In late February, the University’s Committee on Recognized Student Organizations granted ROTC RSO status.

The RSO-status determination was made after a long-standing absence of ROTC on campus. The University’s ROTC chapter was closed in 1936. Until recently, the University’s ROTC members were required to commute off-campus to train at the University of Illinois at Chicago (UIC) and the Illinois Institute of Technology (IIT). Beginning in winter quarter of 2015, ROTC began holding weekly physical training sessions at Henry Crown Field House.

The organization currently offers physical training and military science classes four times a week. These classes are open to all students in the University, not just to those involved in ROTC.

The ROTC’s on-campus general programming is supervised by Major Michael Kesl.

“Army ROTC has long been an opportunity off-campus for students who are interested in finding out more about post-graduation service,” Kesl wrote in an e-mail. “Now, we are working to increase student awareness of these opportunities on campus, and support a UChicago ROTC program.” Kesl is also an Assistant Professor of Military Science and oversees the ROTC courses here on campus.

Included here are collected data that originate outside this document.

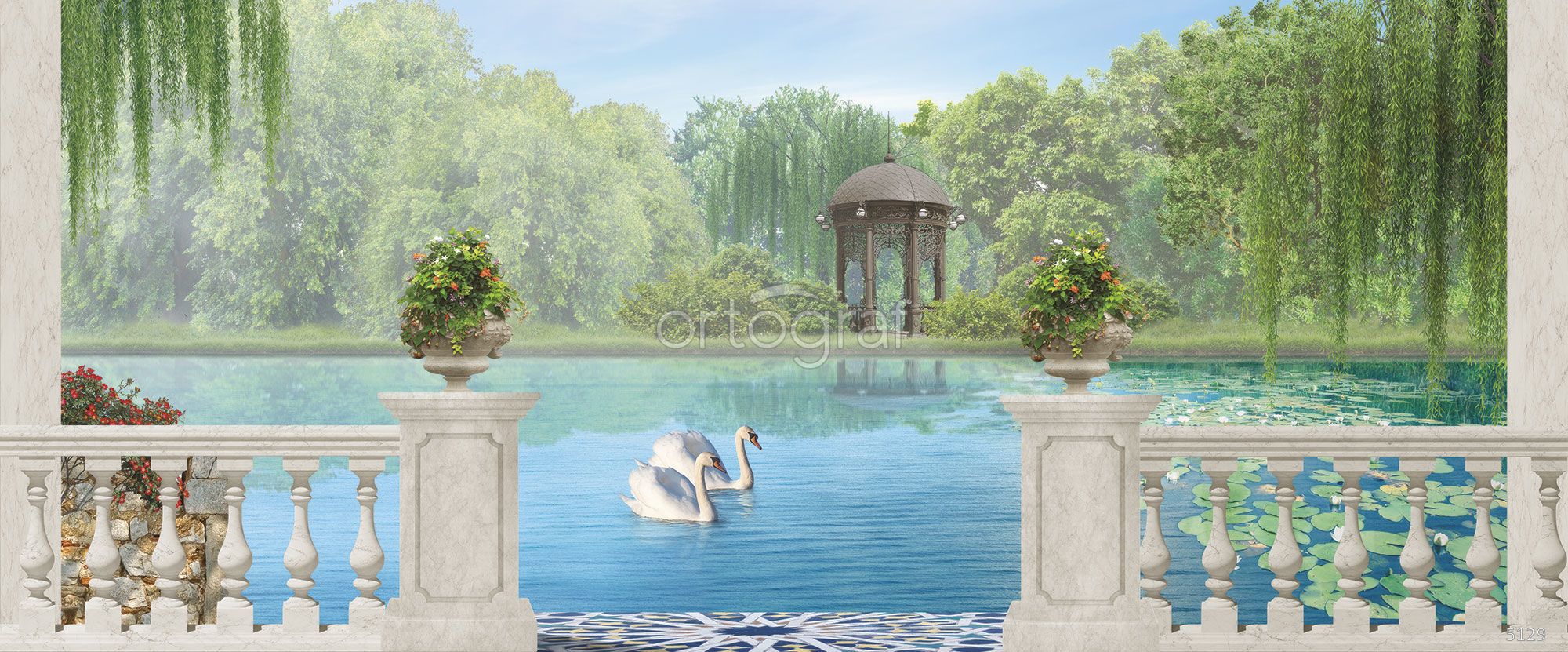 Роскошный вид на тихий пруд с лебедями, окружённый пышной зеленью, плакучими ивами и элегантной беседкой на заднем плане. Балюстрада и садовые вазы на переднем плане придают композиции изысканность и романтичность, обеспечивая ощущение покоя и гармонии с природой. Такая сцена идеально подходит для пространств, где важно создать расслабляющую, умиротворённую атмосферу.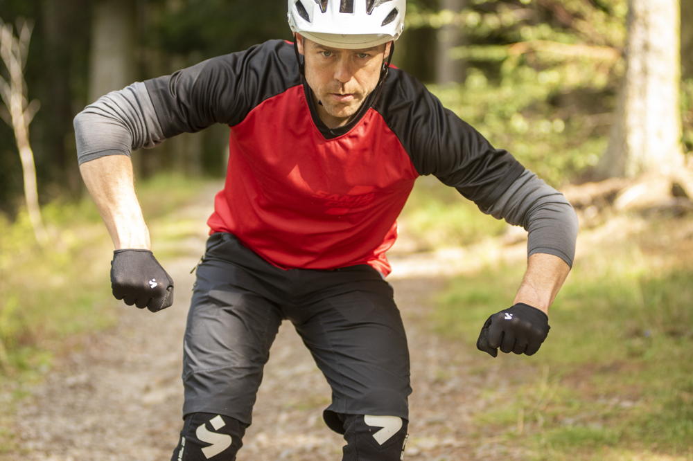 As these articles progress you’ll hear us talk about using your hips and knees to influence your balance and change of direction. The easiest way of getting into this is to think about centring your body position around your bars, forks and front end of your bike. That means that as you turn the bars from left to right, your whole body from your head and shoulders right down to your knees and hips follows. You’re not trying to twist your body. Almost the opposite. You’re trying to make a shape that is consistent with the front of your bike. Your neutral riding position will rarely deviate from a strong, stable shape that is centred around your bars.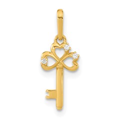 14k Childrens CZ Key with Hearts Pendant
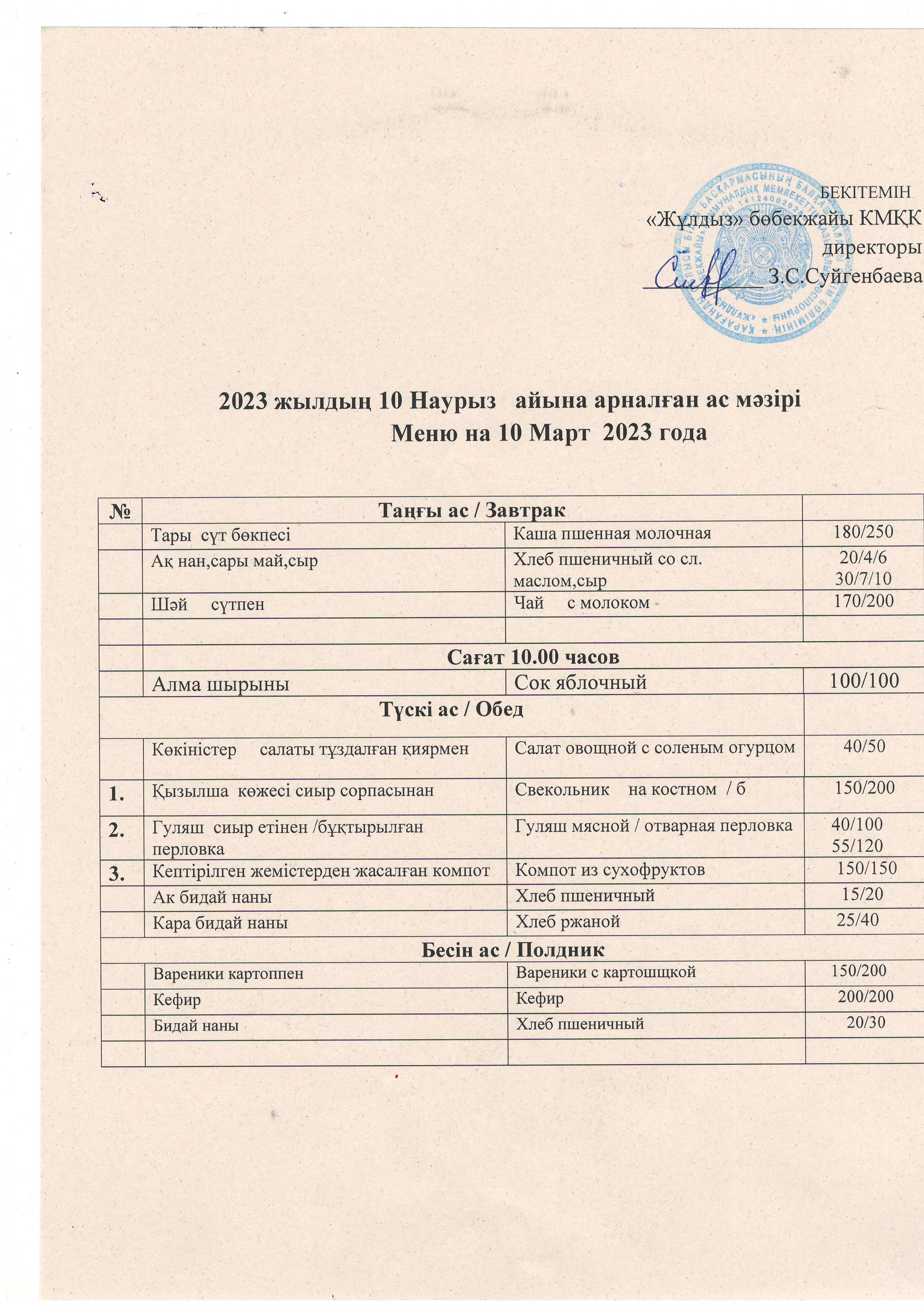 Ас мәзірі10.03.2023 |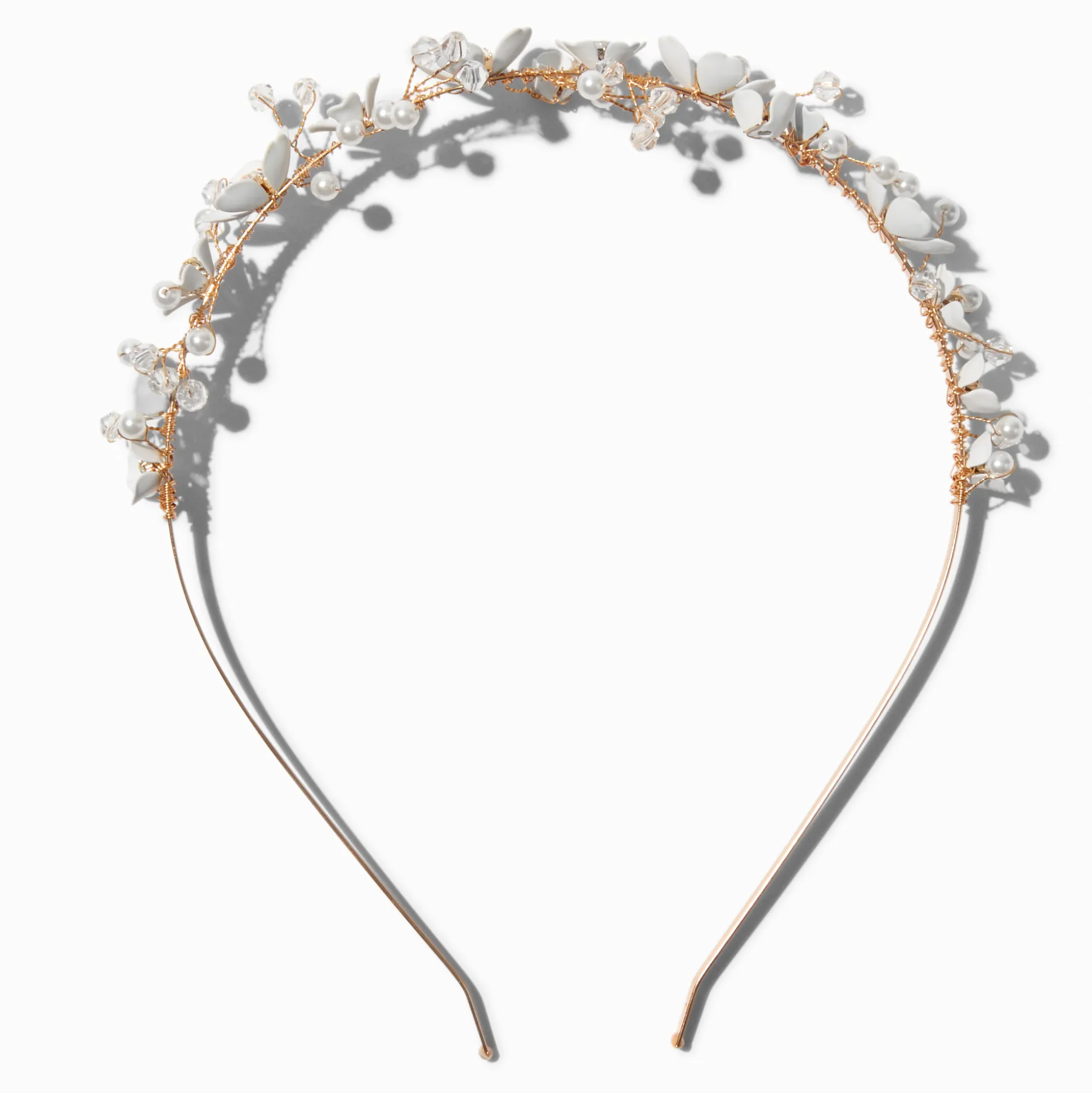 Des fleurs blanches sont attachées à un serre-tête en métal couleur dorée et l’assortiment comprend des perles d’imitation pleines de charme.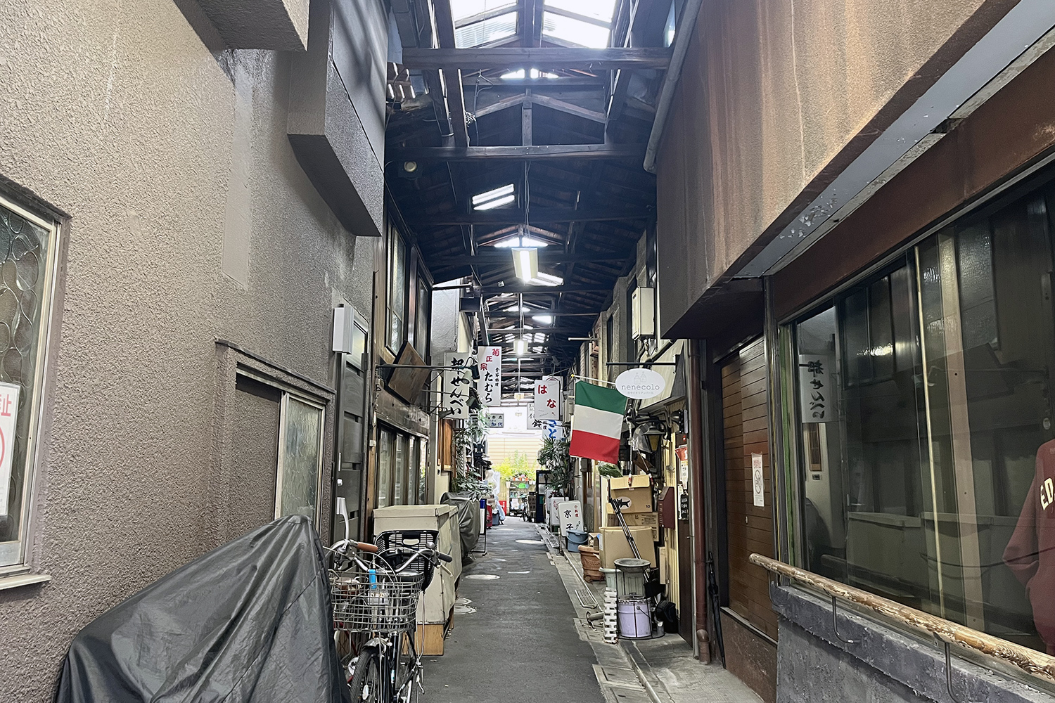 木造とおぼしき天井は三角屋根で、梁が渡された造形も美しい。照明や採光窓もあるものの、どうしてもちょっぴり薄暗い感じがまたこの雰囲気に一役買っている。目をひくイタリアの国旗は、2023年の『散歩の達人』谷根千特集にも登場したイタリアンバール『nenecolo』のもの。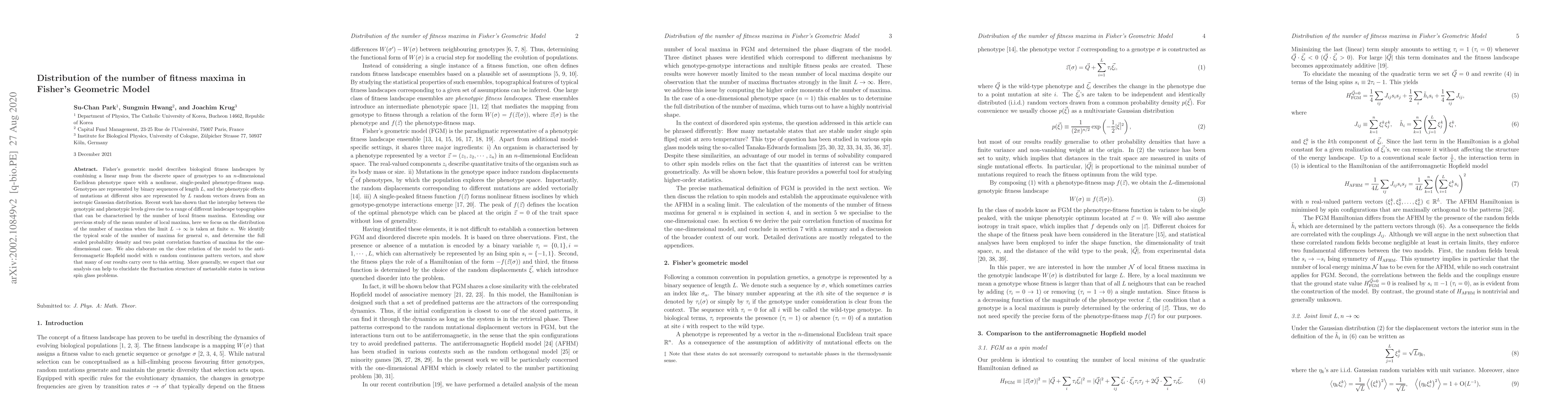 Fisher's geometric model describes biological fitness landscapes by combining a linear map from the discrete space of genotypes to an $n$-dimensional Euclidean phenotype space with a nonlinear, single-peaked phenotype-fitness map. Genotypes are represented by binary sequences of length $L$, and the phenotypic effects of mutations at different sites are represented by $L$ random vectors drawn from an isotropic Gaussian distribution. Recent work has shown that the interplay between the genotypic and phenotypic levels gives rise to a range of different landscape topographies that can be characterised by the number of local fitness maxima. Extending our previous study of the mean number of local maxima, here we focus on the distribution of the number of maxima when the limit $L \to \infty$ is taken at finite $n$. We identify the typical scale of the number of maxima for general $n$, and determine the full scaled probability density and two point correlation function of maxima for the one-dimensional case. We also elaborate on the close relation of the model to the anti-ferromagnetic Hopfield model with $n$ random continuous pattern vectors, and show that many of our results carry over to this setting. More generally, we expect that our analysis can help to elucidate the fluctuation structure of metastable states in various spin glass problems.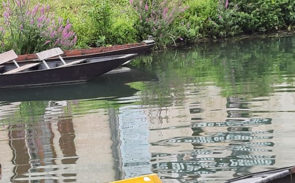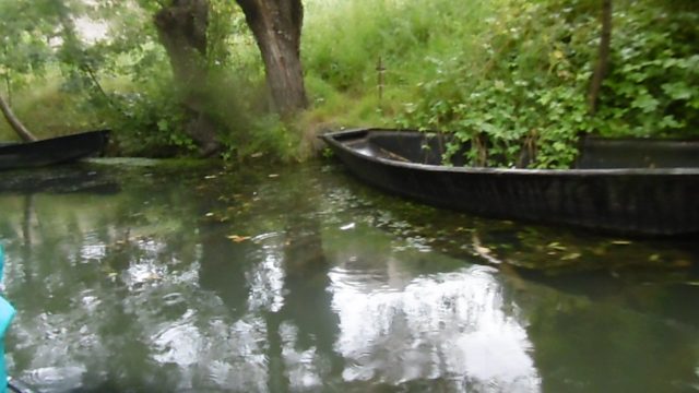 A l’embarcadère, deux comptoirs. L’un pour les canoës, l’autre pour les barques. Je m’inscris pour une promenade guidée : 1h30 (21€ en dessous de 4 personnes, 12€ si on est plus nombreux). On me conseille une courter promenade de 45 minutes sur le chemin de halage. Après avoir passé les trois passerelles arquées, prendre à droite pour revenir à travers le village (balisage jaune). Le long du canal, une rigole, je remarque les petits débarcadères privés : quelques marches, une barque amarrée souvent. Sur la rive d’en face, une belle maison aux volets bleus. C’est la seule maison complètement isolée qu’on ne peut atteindre qu’en barque. En face, les maisons ont un autre accès par la route. Dans un très beau jardin poussent des haricots, des tomates, des carottes ; c’est un jardin collectif. Plusieurs habitants se sont regroupés pour le cultiver. Le retour par le village est aussi pittoresque mais la pluie commence à tomber dru.

ROTC’s RSO application process began in fall 2015. ROTC’s on-campus growth has been aided by the support of the Institute of Politics (IOP) and the Office of the Dean of Students; the group has also worked with other student organizations such as the Maroon Veterans Alliance. The RSO application was sponsored by academic advisor and ROTC liaison Shawn Hawk.

“The Institute of Politics has also been incredibly supportive of our efforts, and allows us space to hold classes every week and provides information on relevant speakers,” Kesl wrote in an e-mail.

The University’s current ROTC cohort includes third-years Sarah Starr and Garrett Healy and second-years Matthew Ringer and Alexander Portee. Starr, Healy, and Ringer are all contracted cadets and have been granted full-tuition scholarships through the ROTC’s merit-based scholarship program. Portee has not yet been contracted. By contracting, cadets commit to either four years of active duty or eight years in the Army Reserve. Cadets have the option to remain uncontracted throughout their first and second years in the College.

“The RSO was mainly [created] to help students feel more included without feeling like they have to sign up and contract. It was a way to support the program and make it more approachable for students,” Healy said. “It makes our presence more known, and [helps] people get the information.”

Healy joined ROTC during his second year in the college. He believes that every student would benefit from checking out the program, and encouraged students to join the ROTC’s physical training regimen.

“I’ve had a great experience. [ROTC] has been one of the most fun parts of my college experience, mainly because it is so different from all the other UChicago activities,” Healy said.

The RSO is currently expanding its programming to include a book club, based on the National War College’s Reading List, and a speaker series.